In layman's terms: the fisheye camera distortion removal process is actually to traverse the coordinate points on the desired distortion-free image, and find the pixel position of the coordinate point on the distortion image through the two lookup tables mapx and mapy. Usually the pixel position is a floating point type, and bilinear interpolation is required. Otherwise, there will be jagged problems on the texture edge. This conclusion has been verified by implementing the opencv remap function. If you are interested, you can implement the mapping process (lookup + interpolation). Let's take a look at the picture:

Fisheye image dedistortion The right figure shows the result of dedistortion based on the distortion table. It can be seen that the dedistortion effect generally meets the requirements, such as the edge of the pillar, the edge of the calibration cloth, and the lane line are straight lines. However, the dedistortion effect is still poor in some areas, and the straight lines are not straight enough. This problem will appear more prominent in the bird's-eye view, and it is also an important reason for the uneven stitching of the coverage area. There may be several reasons: (1) The intersection point (principal point) of the camera optical axis and the imaging plane does not coincide with the center of the image plane, that is, in the intrinsic parameter matrix . (2) The focal length f given by the manufacturer is inaccurate (3) The distortion table given by the manufacturer has errors. In theory, camera calibration is a process of calculating the global optimal solution. It can be understood as follows: the intrinsic parameters can be not so accurate, and the obtained distortion table can also be not so accurate, but as long as the optimization target reprojection error is small, or the distortion is removed relatively cleanly, then this global optimal solution is acceptable. Therefore, the method of minimizing the reprojection error is used to obtain the internal parameters , and then the distortion table is used; in some scenes, some people use chessboards to calibrate the camera's internal parameters, and then use them in conjunction with the distortion table. These contents will be optimized later.

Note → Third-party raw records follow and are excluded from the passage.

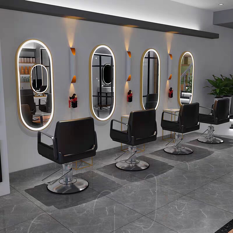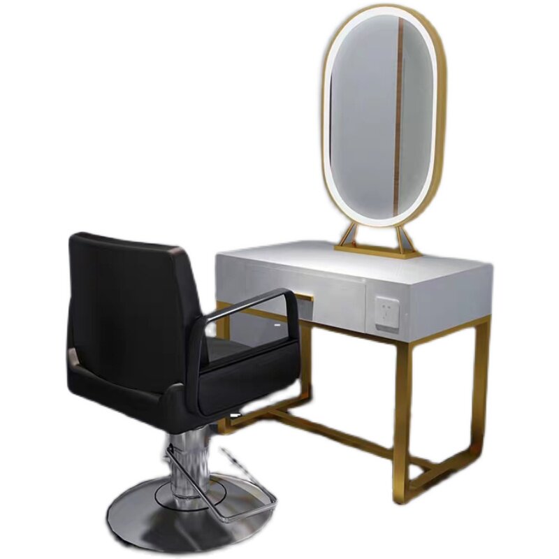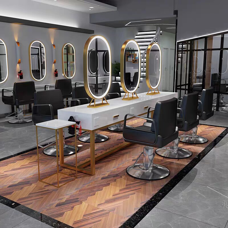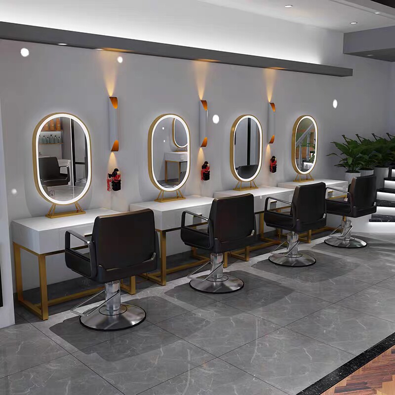 Simple modern hair salon Barber shop special mirror table single double-sided beauty salon luminous mirror photo studio makeup mirror with lamp
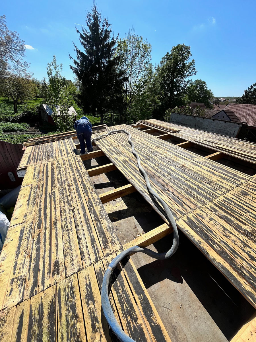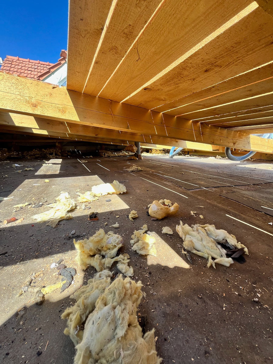 Zateplení střechy a odstranění staré poškozené izolace na domě.
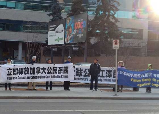 十二月三日,加拿大卡尔加里法轮功学员召开新闻发布会,呼吁访华的加国总理特鲁多帮助营救被中共非法关押的加拿大公民孙茜和十二位加拿大人的亲属。
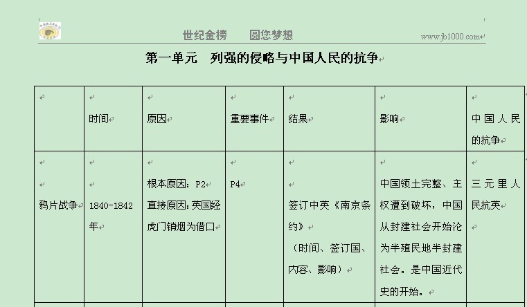 历史:八年级上册单元知识归纳 (人教新课标版)
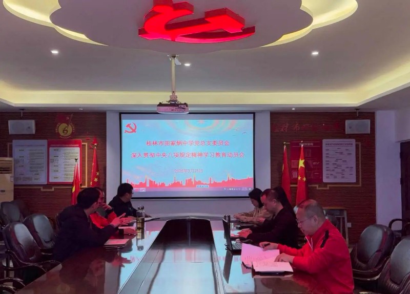 桂林市田家炳中学召开深入贯彻中央八项规定精神学习教育启动会,传达上级文件精神并成立专项工作小组,由学校党总支书记盘开斌担任组长,制定学习计划,确保责任落实到人、任务落实到位,为后续工作奠定坚实基础。
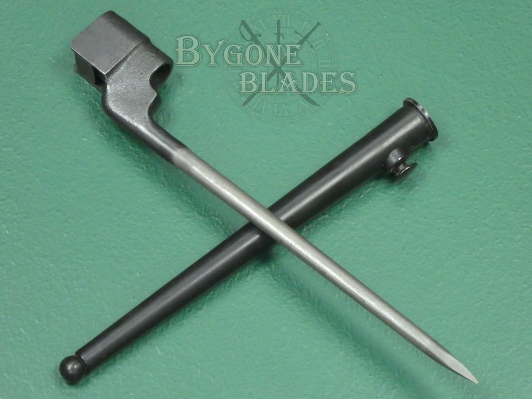 Canadian WW2 No.4 Mk II bayonet made at Long Branch in Ontario. Long Branch produced 910,000 of the No.4 Mk II spike bayonets between 1941 and 1945. This bayonet is identical to the British No.4 Mk II spike bayonet. Only the markings are different.

Four-way fisheye joint calibration The purpose of fisheye camera joint calibration is to obtain the pose relationship between the four fisheye cameras, and then put the captured images into the same coordinate system to obtain a panoramic view.

The schematic diagram of camera joint calibration is shown in the figure. The field of view of the panoramic bird's-eye view is a parameter given by humans and can be adjusted according to user preferences. The size of the chessboard on the calibration cloth, the size of the black grid, and the distance between the car and the calibration cloth are all known prior information. The scale relationship between the above prior information in the real world and the panoramic view is 1:1, that is, 1 pixel represents 1cm (of course, this scale can also be adjusted, and you can let one pixel represent n centimeters). The significance of doing this joint calibration is that you can know the coordinate relationship between the corner points of the chessboard in the image after the front, back, left, and right fisheye cameras are dedistorted, and the corresponding coordinate relationship between the corner points of the chessboard in the front, back, left, and right bird's-eye views. In this way, the entire image can be projected onto the corresponding bird's-eye view according to the projection transformation. In addition, since the four bird's-eye views are just spliced ​​together in the joint calibration, the above method is used to project all four images onto the bird's-eye view. In the ideal case without considering the error, they should be just spliced ​​together. The above is the idea of ​​joint calibration.